Rifugio Coda, da Sassa
Accesso
Lasciare l'autostrada al casello di Pont-Saint-Martin, svoltare a destra dopo 100 metri e alla prima rotonda prendere la seconda uscita. Proseguire fino alla seconda rotonda, prendere la terza uscita ed entrare nel centro abitato di Pont-Saint-Martin. Dopo alcune centinaia di metri svoltare a destra imboccando la per la Valle del Lys e percorrerla per 10,20 km superando Lillianes e Fontainemore. Circa un chilometro dopo Fontainemore svoltare a destra seguendo le indicazioni per Pian Coumarial, attraversare il Lys e risalire la strada comunale per 7,30 km passando per Colombit, Pacoulla, Pianpervero, Jugeo, Chouchal, Pra Dou Sas, Cios, Challasc, Colla, Grange, Savaroy, Goy e Coumarial fino a raggiungere l'ampio parcheggio alla fine della strada. Nell'area pic-nic adiacente è presente un fontanile💧 per il carico dell'acqua, non essendo disponibili altri punti di approvvigionamento lungo il percorso.
Distanza e tempo di percorrenza
🕒 Tempo di percorrenza: 30 minuti
📏 Distanza: 18,90 km
Navigazione GPS
📍 Come arrivare con Google Maps
📍 Come arrivare con Apple Maps
ℹ️ Nota importante
Le indicazioni fornite sono state verificate alla data del rilievo dell’itinerario. Prima della partenza, è consigliabile verificare eventuali variazioni del percorso. Per ottenere indicazioni aggiornate e dettagliate, si consiglia l’uso di Google Maps o Apple Maps.
Introduzione
Itinerario che risale il vallone tra Sassa e il Colle di Carisé, tra pascoli d'alta quota, alpeggi e radi boschi di larice, fino alla cresta erbosa che ospita il Rifugio Coda.

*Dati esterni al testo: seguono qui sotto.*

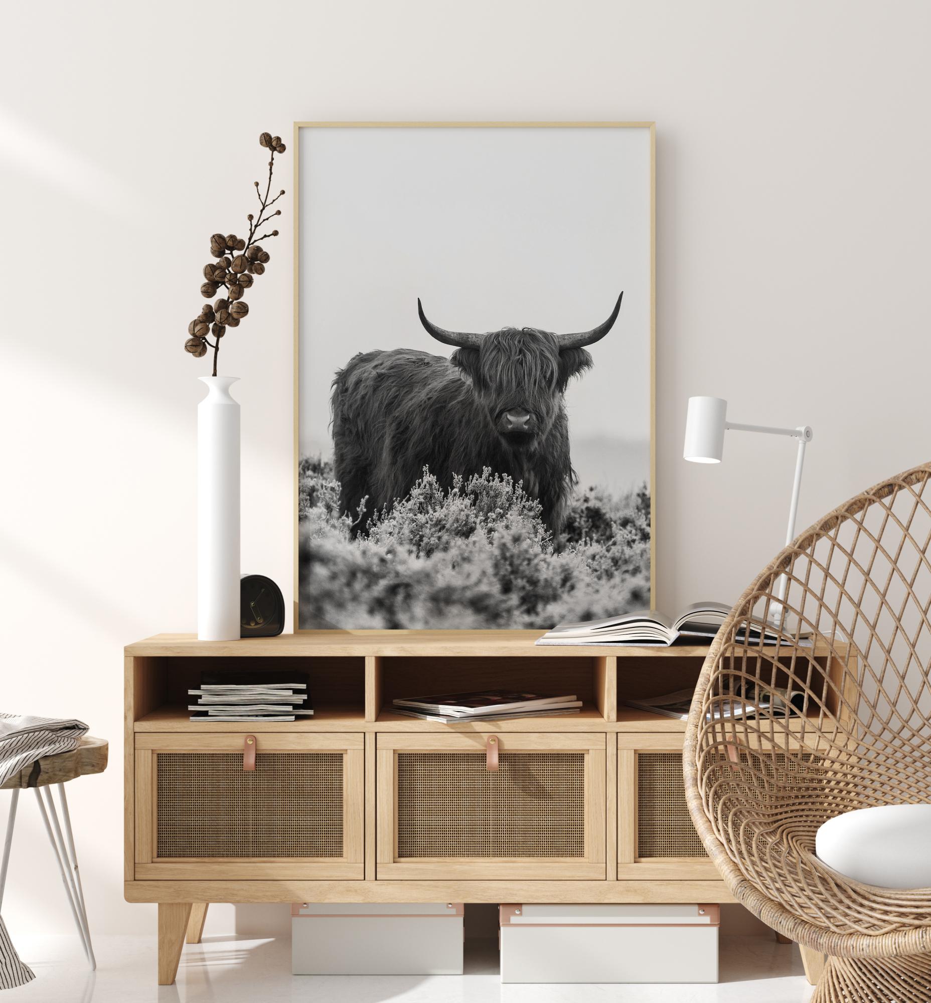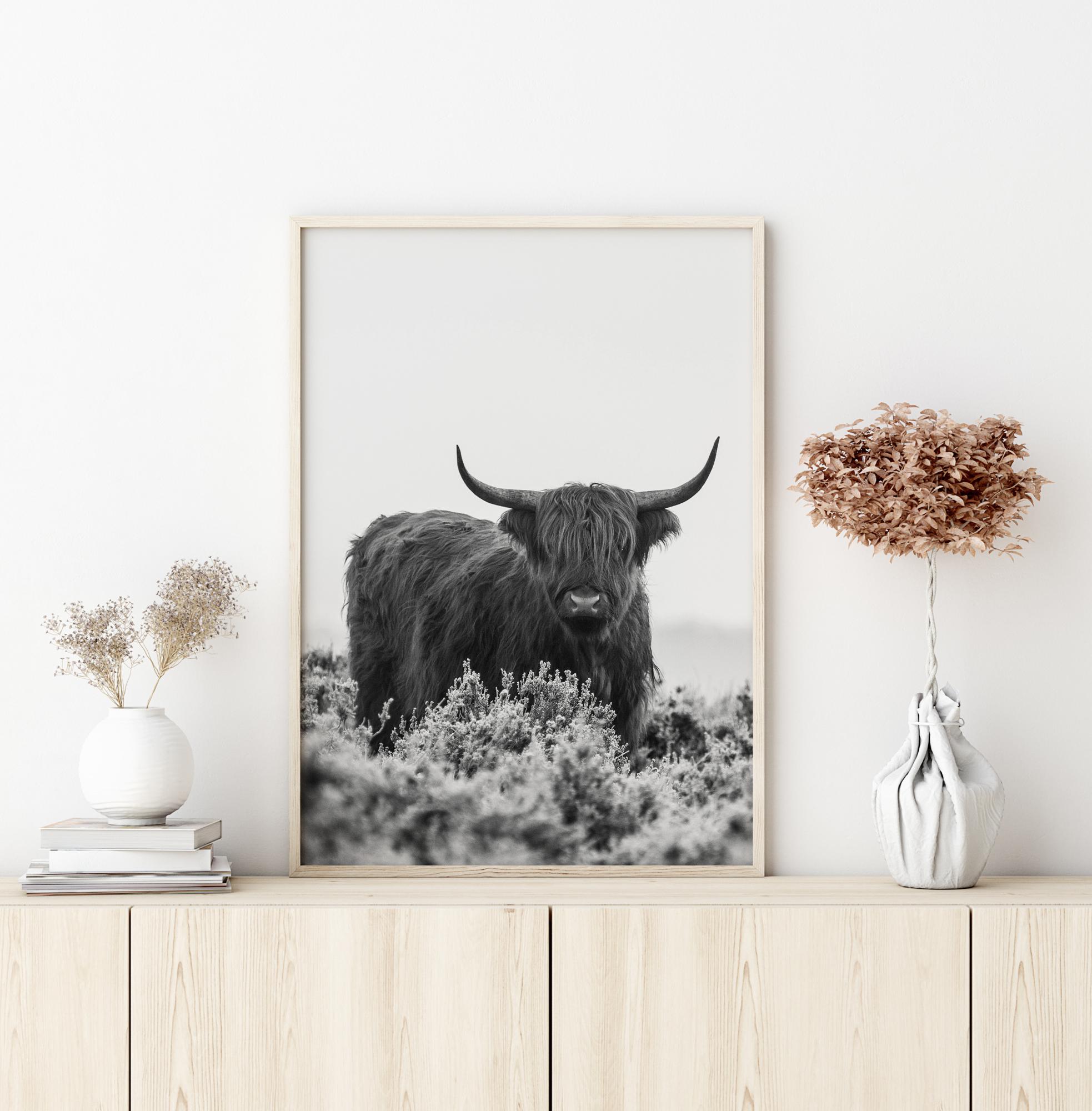 Μια όμορφη αφίσα ζώων που απεικονίζει μια μοναχική αγελάδα στο λιβάδι. Περιτριγυρισμένο από ψηλά χόρτα, αυτό το μεγαλοπρεπές ζώο κοιτάει κατευθείαν στην κάμερα. Όπως στέκεται μπροστά από έναν γκρίζο ουρανό και ψηλά χόρτα, μπορείς σχεδόν να νιώσεις τον κρύο άνεμο στο πρόσωπό σου. Μια τέλεια εικόνα για όλους τους λάτρεις των ζώων.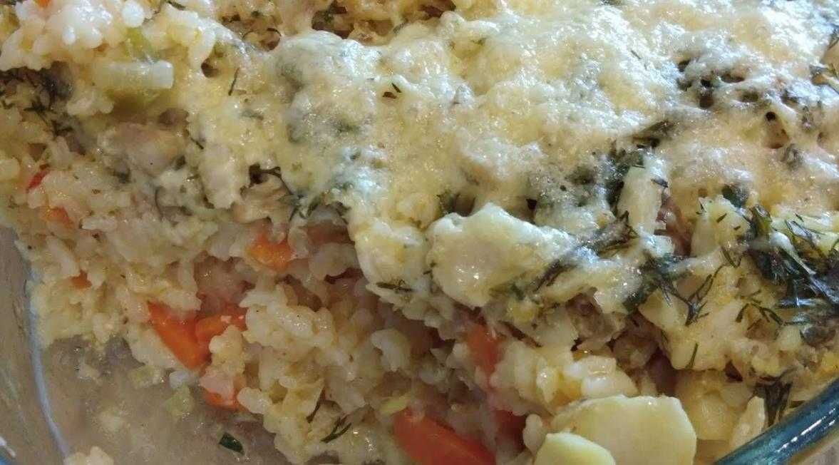 Сочная рыба с рисом и овощами, запеченная в духовке

L'intero percorso coincide con il tracciato del Tor des Géants, che lungo l'Alta Via 1 sconfina brevemente in Piemonte proprio in questo tratto, toccando il Rifugio Coda prima di proseguire verso il Passo della Sella. Il percorso tocca il Plan des Sorcières, un pianoro dove diverse rocce piatte a filo di prato conservano coppelle di varie dimensioni e di età molto antica: secondo la leggenda popolare, era il luogo dove le streghe (sourcières) si riunivano in sabba, e proprio a questa tradizione il pianoro deve il nome. Superato il Colle Portola, con vista sulla sagoma del Mont Mars, il sentiero prosegue a mezza costa fino a incontrare il tracciato proveniente da Fontainemore e risalire al Colle di Carisé, crocevia tra la Gran Traversata delle Alpi e l'Alta Via Alpi Biellesi; da qui, già in territorio piemontese, l'ultimo tratto segue il crinale erboso, con un breve intaglio roccioso, fino al rifugio.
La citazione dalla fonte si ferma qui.